In a month overflowing with superb mysteries and thrillers, a deliciously evil boarding school-set thriller and a pitch-perfect espionage novel rise to the top.
Love gone terribly wrong is at the heart of two paranoid thrillers that ask: Is a fresh start possible if you don’t fully reckon with the past? Two female protagonists contend with corrosive lies, nefarious intentions and gaslighting galore as they struggle to drag long-buried secrets into the light.
Reading Darby Kane’s The Replacement Wife is like looking at the world through a window that’s blurry with the lingering fingerprints of traumas past and suspicions present.
Narrator Elisa Wright spends her days feeling fragile and distressed, still reeling from a horrific event at her workplace 11 months ago. But things have been looking up: She’s focusing on caring for her son, Nate, and has even ventured out of the house for an occasional errand or lunch with her husband, Harris.
Despite these improvements, Elisa grapples with a disturbing question that her gut won’t let her push aside. Is her brother-in-law Josh a good guy with very bad luck . . . or is he a charming sociopath with a penchant for murdering women he professes to love?
Elisa knows it’s a wild-sounding train of thought, one Harris is extra-loath to entertain because his and Josh’s lives are so enmeshed. But she’s always wondered if there was more to the story Josh told them when his fiancée, Abby, disappeared seven months ago, leaving without a goodbye to Elisa, her close friend. Now Josh has a new girlfriend named Rachel with whom he’s already quite serious. Does Rachel know about Abby—or Candace, Josh’s wife who died in an accident at home?
Determined to protect Rachel, Elisa struggles to appear supportive of the new relationship while searching for clues and clarity. It isn’t easy, especially with everyone looking askance at her whenever she wants privacy (read: an opportunity for serious snooping). She can’t tell if she’s paranoid, or getting close to a terrible reality.
Kane has created a compellingly claustrophobic thriller rife with gleeful misdirects, possible gaslighting and plenty of damaging secrets. Readers will feel dizzy and disoriented right along with Elisa as she tries to discern whether her instincts are steering her in the right direction or putting her in the path of danger, all while hoping against hope that she’ll figure it out before it’s too late for Rachel—or herself.
The three women in Leah Konen’s The Perfect Escape venture farther from home than Elisa does, but not as far as they’d like.
Sam, Margaret and Diana don’t know each other that well, but they’ve bonded over a few months of intense venting and drinking sessions concerning the sad state of their respective relationships. A Saratoga Springs girls’ weekend, complete with spa treatments and margaritas, sounds like a logical next step in their quest to shake off the tarnish left by love’s demise. What could go wrong?
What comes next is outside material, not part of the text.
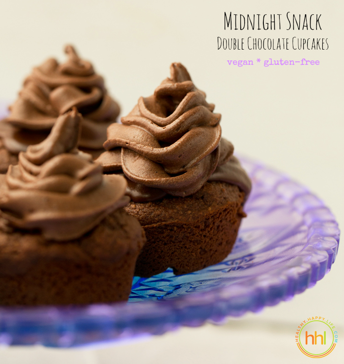 Wouldn't it be nice. If there had been a tall, glittering platter of these Midnight Snack Double Chocolate Vegan Cupcakes. I would have grabbed just one and stood there in the kitchen nibbling its rich chocolate layers, the accents of vanilla, coconut and hazelnut infusing my groggy mind with sweet dreamland thoughts. And back to bed I would have stumbled, a happy happy girl.

The trio merrily sets off from New York City, but just a couple of hours north in the small town of Catskill, Margaret loses the keys to their rental car. No others are available nearby, so Diana suggests a pivot: They’ll rent a house for the night, go out for some fun and figure out the rest of their trip in the morning.
It’s not what they had planned, but it’ll distract them from their crumbling relationships nonetheless, so they go to a local bar called Eamon’s for booze and adventure. Sam is especially enthused; she knows her ex-husband, Harry, lives in Catskill and is likely to see a strategically tagged Instagram post. In the meantime, Margaret grooves with a sexy local guy named Alex, and Diana sashays out to the patio.
The next morning, Sam and Margaret awake to hangovers and confusion as they realize Diana is missing. To their horror, they learn that blood has been found at Eamon’s—and suddenly, skeptical police officers are asking questions the women don’t want to answer.
Konen pulls the reader into Margaret’s and Sam’s perspectives in turn as they reluctantly reveal their sad backstories and unseemly secrets and try to figure out just who they should be scared of. This twisty, creepy and increasingly disturbing story has a delicious, unhinged energy, hinting at all manner of suspects as the women’s motives are gradually revealed to be even deeper—and perhaps darker—than they first seemed.
Love gone terribly wrong lies at the heart of two paranoid thrillers.
Bestselling author Erik Larson’s first work of fiction, No One Goes Alone (7.5 hours), is a ghost story that’s available only on audio. In 1905, experts from the Society for Psychical Research arrive on a remote island to investigate the disappearance of a vacationing family. The researchers are immediately beset upon by strange occurrences, from the seemingly mundane to the deadly serious. The investigators offer scientific explanations for the increasingly bizarre happenings, but an abundance of disconcerting events edge closer to the paranormal.
British actor Julian Rhind-Tutt narrates in a smooth, even tone. Adding twinges of doubt and fear at just the right moments, he delivers a performance so convincing that the listener is likely to believe the impossible before all is said and done.
This eerie turn-of-the-century adventure will please fans of haunting tales like “The X-Files” and listeners nostalgic for radio dramas.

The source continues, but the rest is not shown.